_Description of the task_
Among the entries below, retype exactly the lines starting with the one with "昆明轿子山迎来第二场雪 成冰雪世界" and going on through the one with "Camisa masculina slim", but not the pictures.

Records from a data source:
★ ★ ★ ★ ★

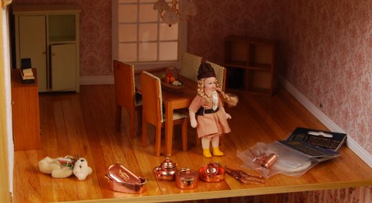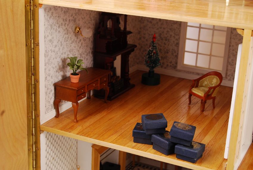 A beautiful contemporary Georgian style mansion house dolls house. Three storey (including attic), with twin opening doors and roof to top. Large windows, with chimneys to the faux-tiled sloping roof. Seven rooms, with two hallways. Comes fully furnished and decorated (see images). Electric lights and fireplaces fitted (untested). Very well made and an impressive example of a dolls house mansion. Measures: H78cm x W93cm x  D40cm.WORLDWIDE DELIVERY AVAILABLE - please click the 'shipping' tab and view rates for ' Furniture Delivery '.
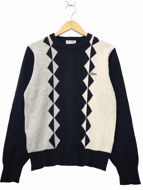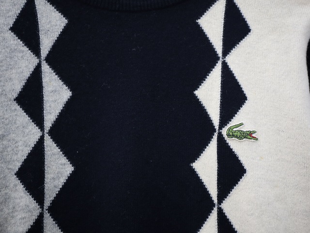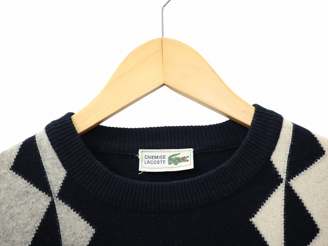ラコステ LACOSTE CHEMISE シュミーズ 90s ヴィンテージ クルーネック 長袖 ハイゲージ ニット セーター BLACK × BEIGE ブラック × ベージュ メンズ
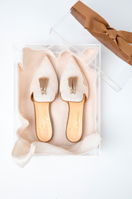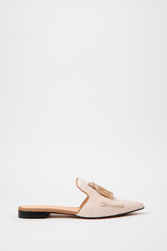 Il modello AGATA MULE di "Le Boffi" realizzato per Simichic in juta naturale, impreziosito da ricercati filati e tessuti personalizzato con il tuo nome.
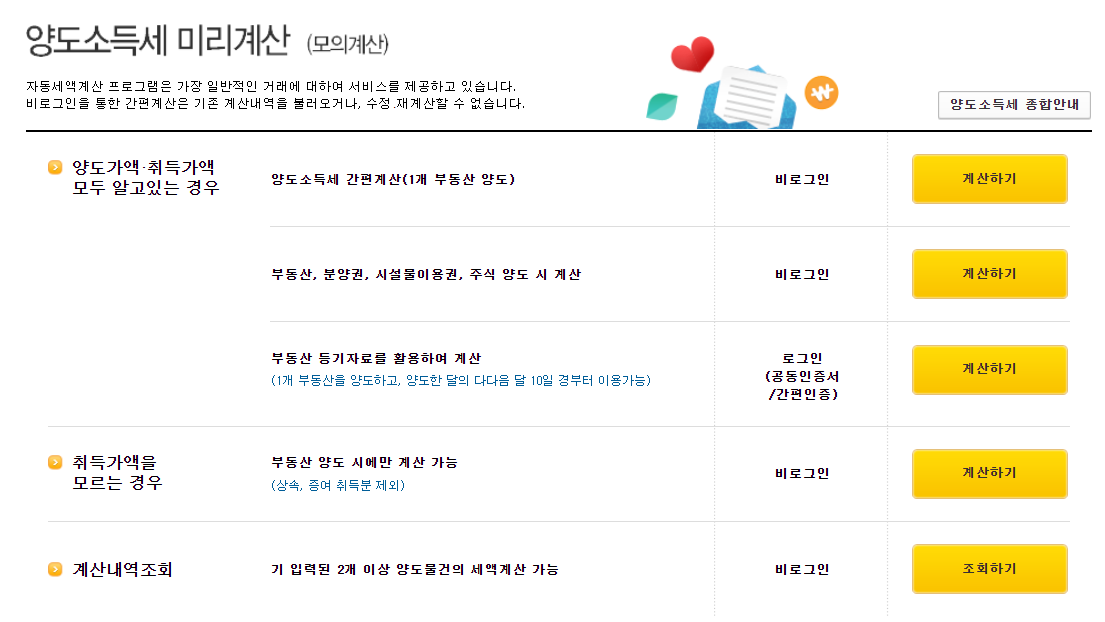 양도소득세 계산을 위해 위 버튼을 클릭한 뒤 내가 알고있는 정보에 따라 로그인하거나 로그인을 하지 않아도 양도소득세를 구할 수 있습니다.
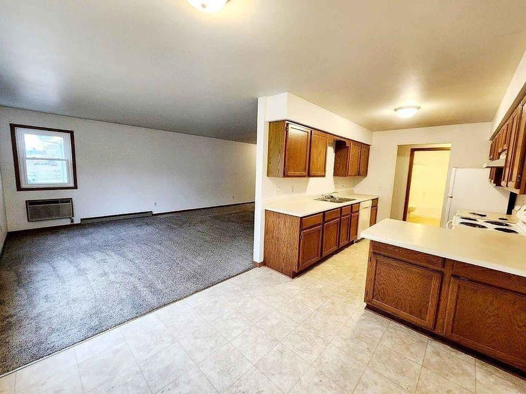FOR RENT 2 bedrooms, 1 full bath, spacious laundry room, across the street from park, convenient location, pets considered with extra fee, water, trash, lawn, & snow removal INCLUDED! Attached 1-car garage. Available March 1. Must pass background check and credit check.
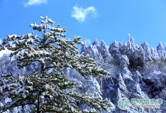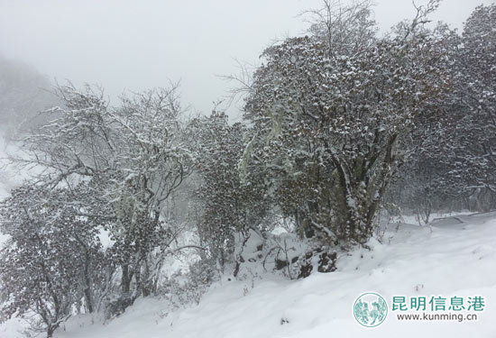 昆明轿子山迎来第二场雪 成冰雪世界
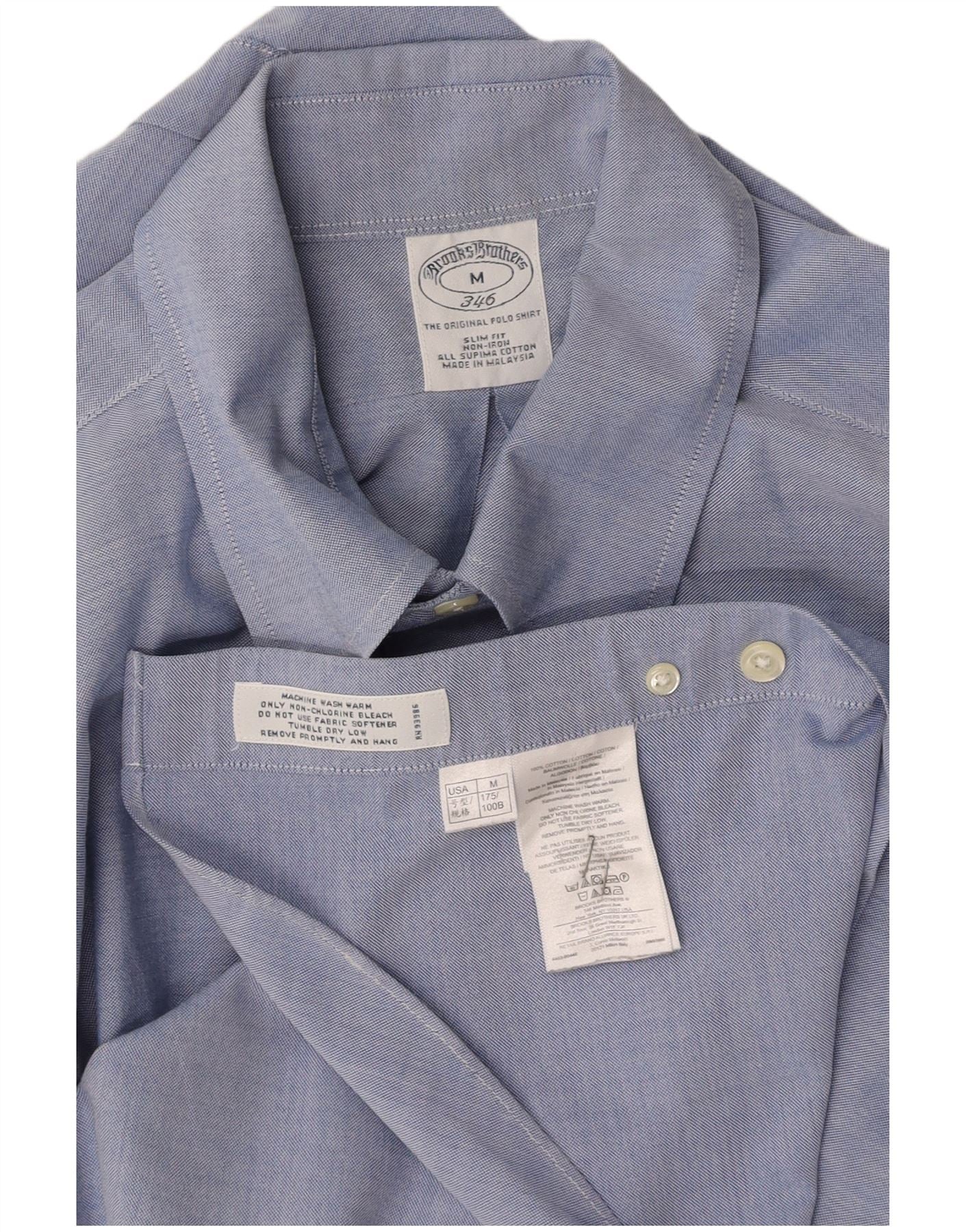 Camisa masculina slim fit BROOKS BROTHERS algodão azul médio
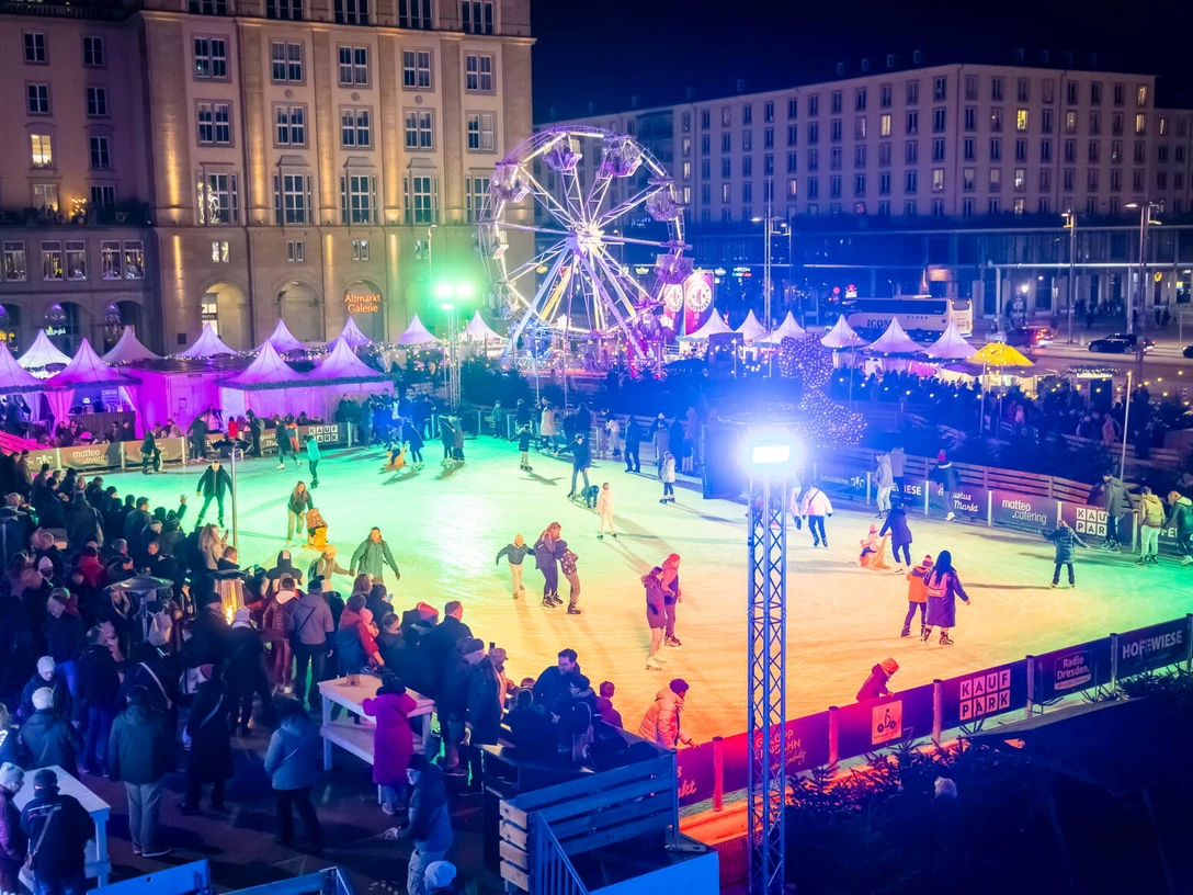 Vom 21. Januar bis 1. März 2026 lädt die Plan de Saxe GmbH erneut zum Dresdner Winterfest auf den Altmarkt ein. Eine 700 Quadratmeter große Eisfläche, stimmungsvolle Beleuchtung und vielfältige Musik verwandeln den Platz in ein lebendiges Winterwunderland.

★ ★ ★ ★ ★

_Answer section_
 昆明轿子山迎来第二场雪 成冰雪世界
 Camisa masculina slim fit BROOKS BROTHERS algodão azul médio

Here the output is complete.